== Records supplied ==

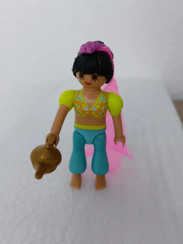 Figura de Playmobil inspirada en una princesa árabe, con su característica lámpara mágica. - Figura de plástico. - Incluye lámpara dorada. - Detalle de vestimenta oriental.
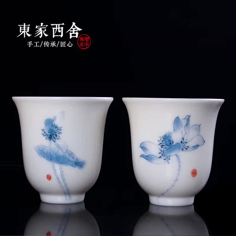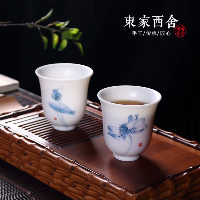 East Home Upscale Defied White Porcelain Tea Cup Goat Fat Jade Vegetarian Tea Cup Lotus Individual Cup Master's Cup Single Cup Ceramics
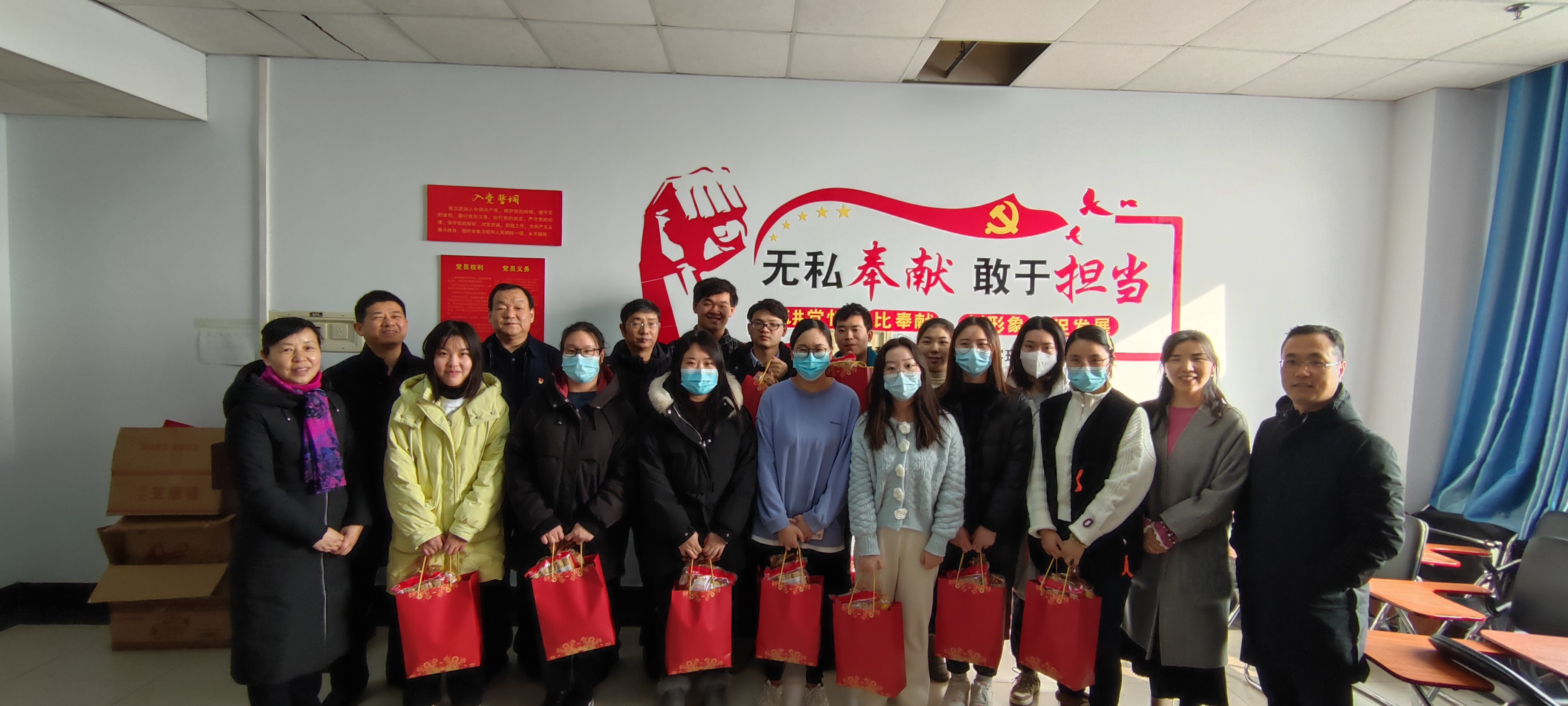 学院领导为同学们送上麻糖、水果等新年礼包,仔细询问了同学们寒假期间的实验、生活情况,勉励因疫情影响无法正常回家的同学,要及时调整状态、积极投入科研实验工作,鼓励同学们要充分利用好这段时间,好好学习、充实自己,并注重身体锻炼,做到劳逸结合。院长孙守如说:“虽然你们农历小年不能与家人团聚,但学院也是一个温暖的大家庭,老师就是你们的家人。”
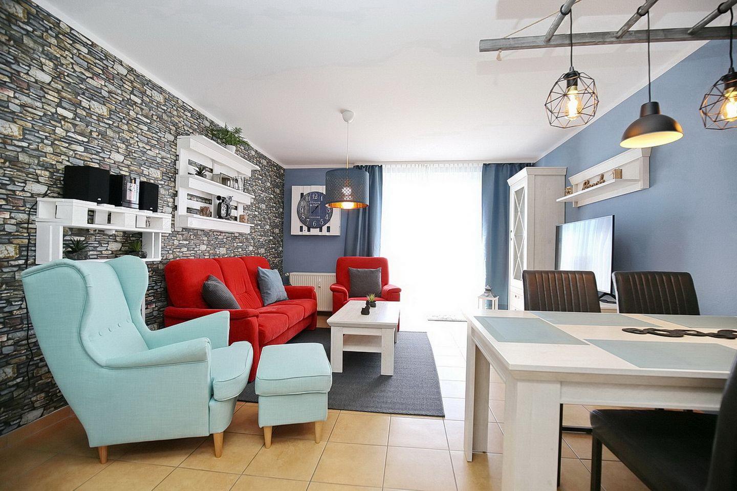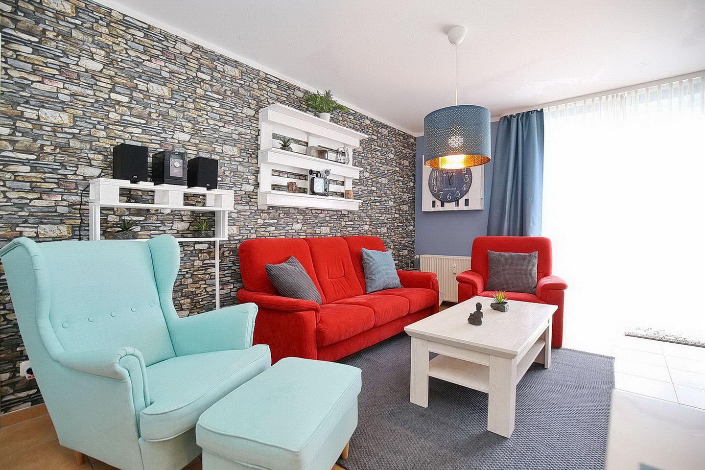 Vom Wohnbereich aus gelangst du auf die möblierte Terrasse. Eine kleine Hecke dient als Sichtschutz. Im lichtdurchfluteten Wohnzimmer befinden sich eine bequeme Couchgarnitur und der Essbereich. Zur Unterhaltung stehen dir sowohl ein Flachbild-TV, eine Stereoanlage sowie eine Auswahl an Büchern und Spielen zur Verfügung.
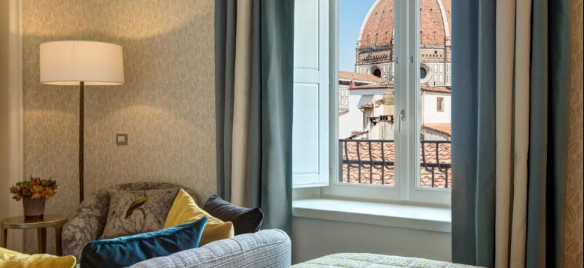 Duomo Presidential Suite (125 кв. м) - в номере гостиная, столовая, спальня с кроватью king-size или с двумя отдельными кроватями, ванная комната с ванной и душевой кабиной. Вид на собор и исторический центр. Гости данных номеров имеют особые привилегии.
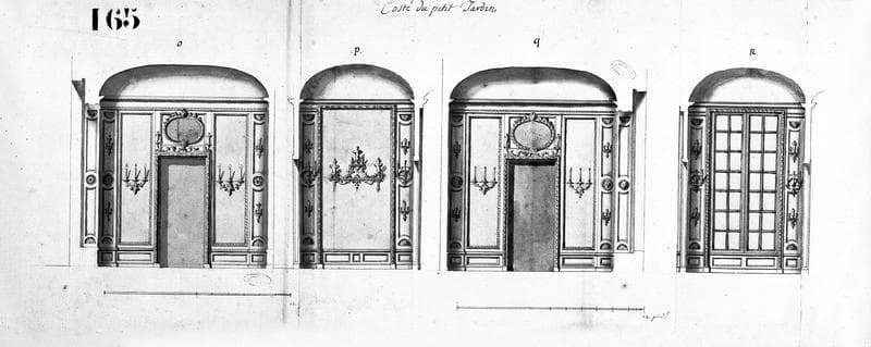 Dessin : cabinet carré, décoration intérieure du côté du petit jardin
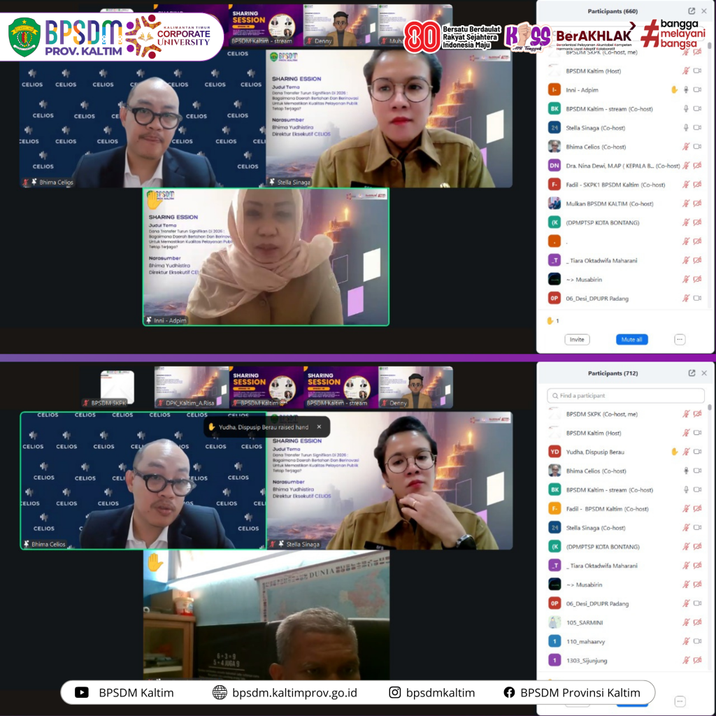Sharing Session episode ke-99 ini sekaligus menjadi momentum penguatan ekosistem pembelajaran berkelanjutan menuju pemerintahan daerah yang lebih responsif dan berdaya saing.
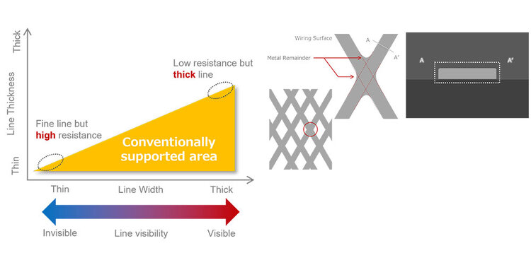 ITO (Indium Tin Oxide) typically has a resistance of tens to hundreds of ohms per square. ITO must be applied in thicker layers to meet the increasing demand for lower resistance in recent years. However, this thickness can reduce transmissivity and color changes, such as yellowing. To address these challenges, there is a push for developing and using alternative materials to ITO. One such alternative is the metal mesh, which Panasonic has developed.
--
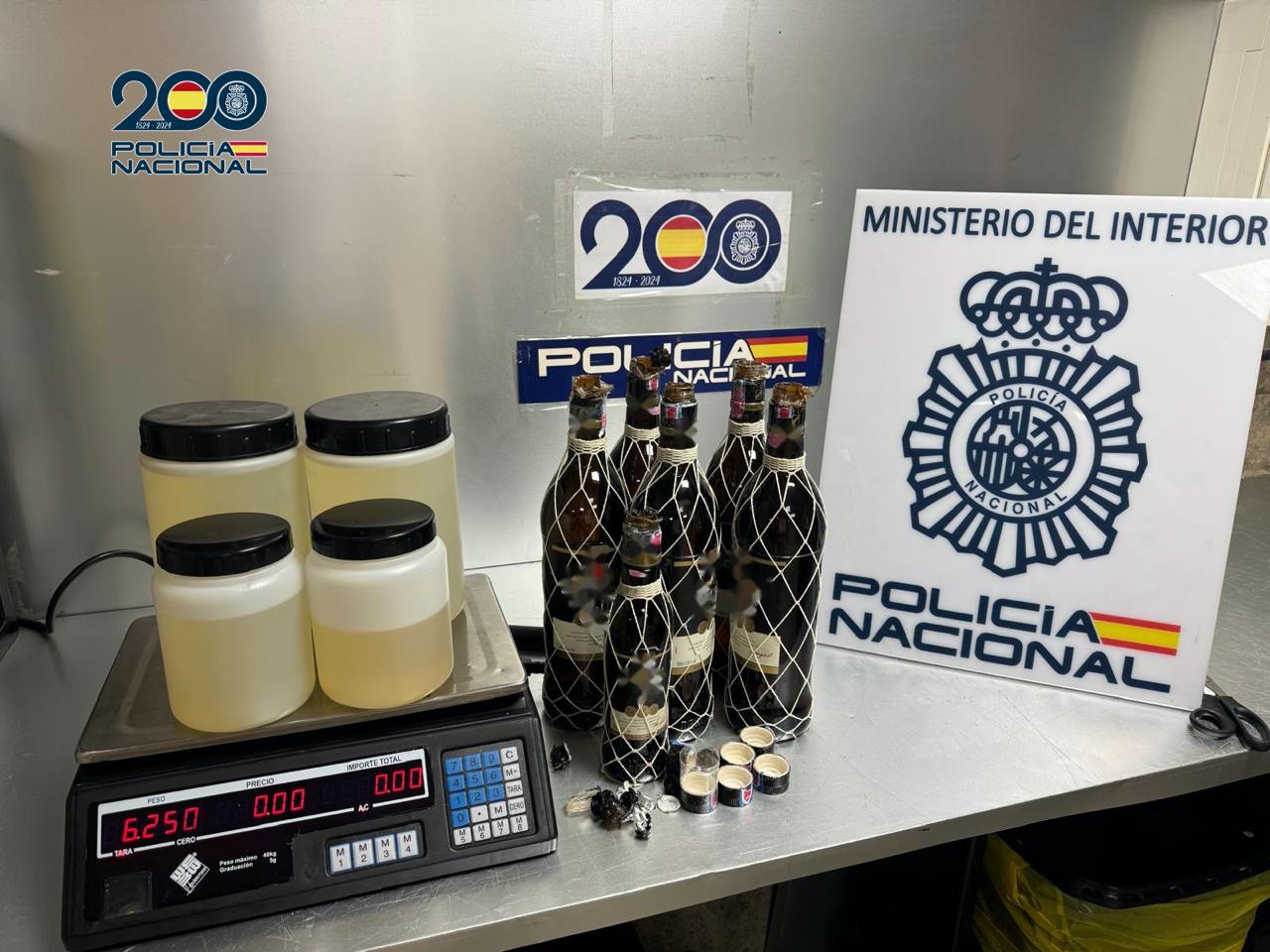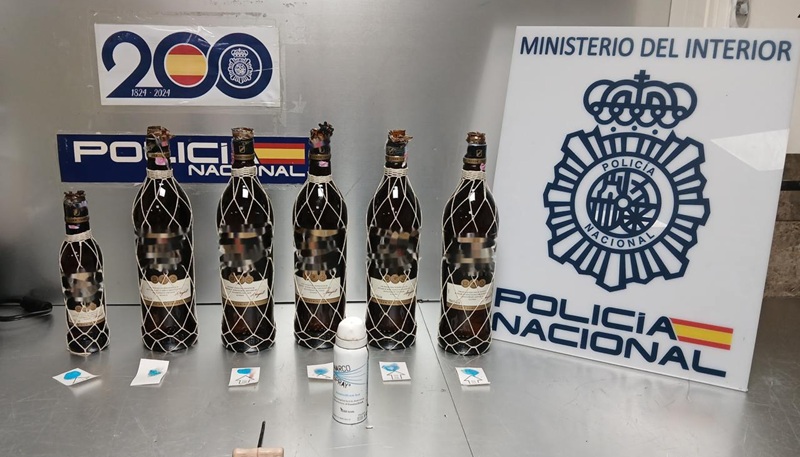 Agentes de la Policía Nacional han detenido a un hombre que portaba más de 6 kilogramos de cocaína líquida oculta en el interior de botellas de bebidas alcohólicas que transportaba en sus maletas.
==
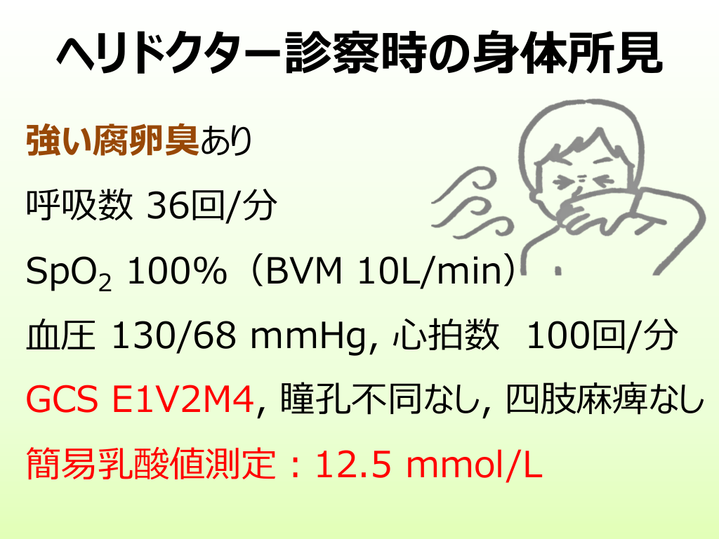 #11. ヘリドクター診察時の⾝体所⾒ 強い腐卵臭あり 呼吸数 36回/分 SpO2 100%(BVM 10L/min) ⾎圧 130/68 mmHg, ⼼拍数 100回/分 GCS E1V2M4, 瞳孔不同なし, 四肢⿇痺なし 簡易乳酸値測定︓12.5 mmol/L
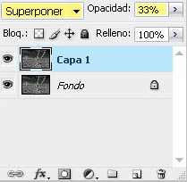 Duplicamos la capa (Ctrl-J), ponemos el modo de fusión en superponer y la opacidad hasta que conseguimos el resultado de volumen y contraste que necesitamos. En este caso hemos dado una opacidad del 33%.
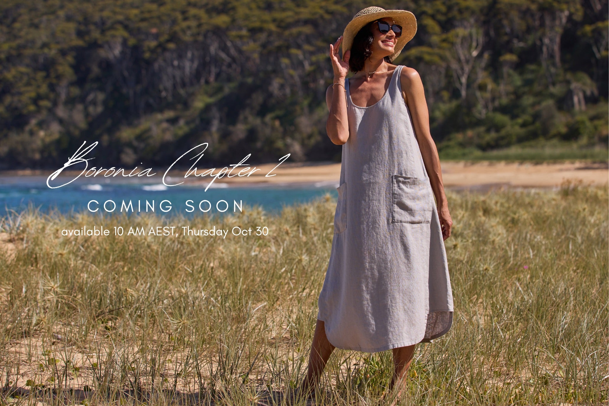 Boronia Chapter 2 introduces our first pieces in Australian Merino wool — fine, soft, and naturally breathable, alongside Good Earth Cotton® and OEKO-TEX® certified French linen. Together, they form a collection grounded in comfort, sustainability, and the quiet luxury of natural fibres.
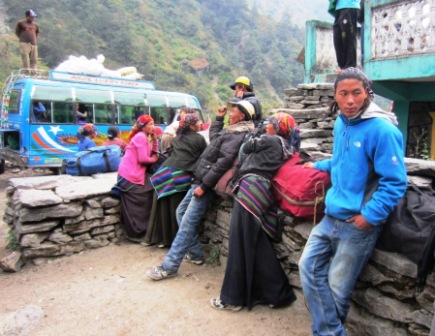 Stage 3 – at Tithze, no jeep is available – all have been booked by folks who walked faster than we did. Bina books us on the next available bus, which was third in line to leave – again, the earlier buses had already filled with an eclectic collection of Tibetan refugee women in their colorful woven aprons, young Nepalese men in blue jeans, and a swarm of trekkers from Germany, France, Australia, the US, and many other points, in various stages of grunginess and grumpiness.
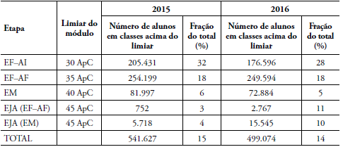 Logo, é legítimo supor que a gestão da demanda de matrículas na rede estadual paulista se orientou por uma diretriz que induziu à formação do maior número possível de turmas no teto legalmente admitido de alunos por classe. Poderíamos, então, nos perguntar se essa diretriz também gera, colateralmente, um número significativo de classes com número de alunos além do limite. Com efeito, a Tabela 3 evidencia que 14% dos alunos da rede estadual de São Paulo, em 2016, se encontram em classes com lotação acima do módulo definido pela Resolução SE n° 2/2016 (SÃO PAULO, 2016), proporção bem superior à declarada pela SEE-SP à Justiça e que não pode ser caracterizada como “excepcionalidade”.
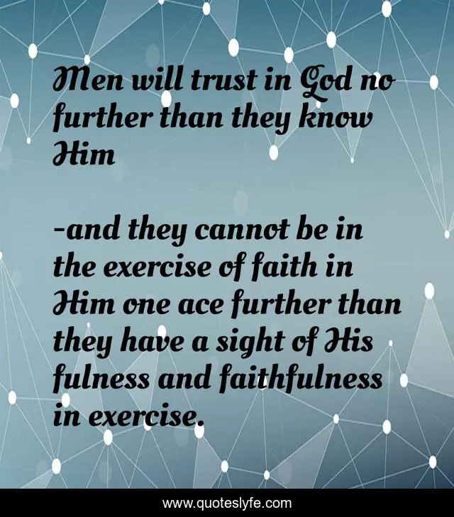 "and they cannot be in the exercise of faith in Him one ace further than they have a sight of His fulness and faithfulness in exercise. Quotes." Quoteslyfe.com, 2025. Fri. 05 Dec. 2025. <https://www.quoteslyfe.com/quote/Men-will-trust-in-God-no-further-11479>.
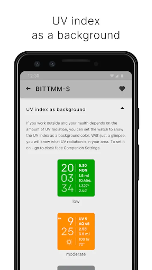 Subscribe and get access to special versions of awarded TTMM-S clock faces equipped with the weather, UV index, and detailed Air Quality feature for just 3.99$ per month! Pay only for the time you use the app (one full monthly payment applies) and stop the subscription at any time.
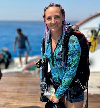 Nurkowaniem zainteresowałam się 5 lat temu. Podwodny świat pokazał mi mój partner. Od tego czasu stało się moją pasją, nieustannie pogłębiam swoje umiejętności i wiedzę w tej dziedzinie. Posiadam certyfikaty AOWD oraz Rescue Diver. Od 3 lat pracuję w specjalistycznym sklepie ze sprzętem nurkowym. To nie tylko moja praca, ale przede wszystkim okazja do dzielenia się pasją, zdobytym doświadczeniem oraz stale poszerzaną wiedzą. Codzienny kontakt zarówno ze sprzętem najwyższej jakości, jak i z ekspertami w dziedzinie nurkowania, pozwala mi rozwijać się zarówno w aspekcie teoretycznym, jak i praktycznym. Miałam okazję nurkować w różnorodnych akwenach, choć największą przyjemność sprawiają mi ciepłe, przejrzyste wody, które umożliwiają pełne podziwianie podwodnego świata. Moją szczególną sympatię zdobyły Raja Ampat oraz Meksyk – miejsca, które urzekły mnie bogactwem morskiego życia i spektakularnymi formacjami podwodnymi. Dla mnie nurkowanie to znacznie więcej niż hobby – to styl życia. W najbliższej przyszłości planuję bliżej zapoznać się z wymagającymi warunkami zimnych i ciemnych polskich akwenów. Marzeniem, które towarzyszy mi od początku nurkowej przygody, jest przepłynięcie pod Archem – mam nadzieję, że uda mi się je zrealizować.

== Try it ==
Without the pictures, give again exactly the lines above starting at the line containing "Duplicamos la capa" and ending at the line containing "they cannot be".

== Response ==
 Duplicamos la capa (Ctrl-J), ponemos el modo de fusión en superponer y la opacidad hasta que conseguimos el resultado de volumen y contraste que necesitamos. En este caso hemos dado una opacidad del 33%.
 Boronia Chapter 2 introduces our first pieces in Australian Merino wool — fine, soft, and naturally breathable, alongside Good Earth Cotton® and OEKO-TEX® certified French linen. Together, they form a collection grounded in comfort, sustainability, and the quiet luxury of natural fibres.
 Stage 3 – at Tithze, no jeep is available – all have been booked by folks who walked faster than we did. Bina books us on the next available bus, which was third in line to leave – again, the earlier buses had already filled with an eclectic collection of Tibetan refugee women in their colorful woven aprons, young Nepalese men in blue jeans, and a swarm of trekkers from Germany, France, Australia, the US, and many other points, in various stages of grunginess and grumpiness.
 Logo, é legítimo supor que a gestão da demanda de matrículas na rede estadual paulista se orientou por uma diretriz que induziu à formação do maior número possível de turmas no teto legalmente admitido de alunos por classe. Poderíamos, então, nos perguntar se essa diretriz também gera, colateralmente, um número significativo de classes com número de alunos além do limite. Com efeito, a Tabela 3 evidencia que 14% dos alunos da rede estadual de São Paulo, em 2016, se encontram em classes com lotação acima do módulo definido pela Resolução SE n° 2/2016 (SÃO PAULO, 2016), proporção bem superior à declarada pela SEE-SP à Justiça e que não pode ser caracterizada como “excepcionalidade”.
 "and they cannot be in the exercise of faith in Him one ace further than they have a sight of His fulness and faithfulness in exercise. Quotes." Quoteslyfe.com, 2025. Fri. 05 Dec. 2025. <https://www.quoteslyfe.com/quote/Men-will-trust-in-God-no-further-11479>.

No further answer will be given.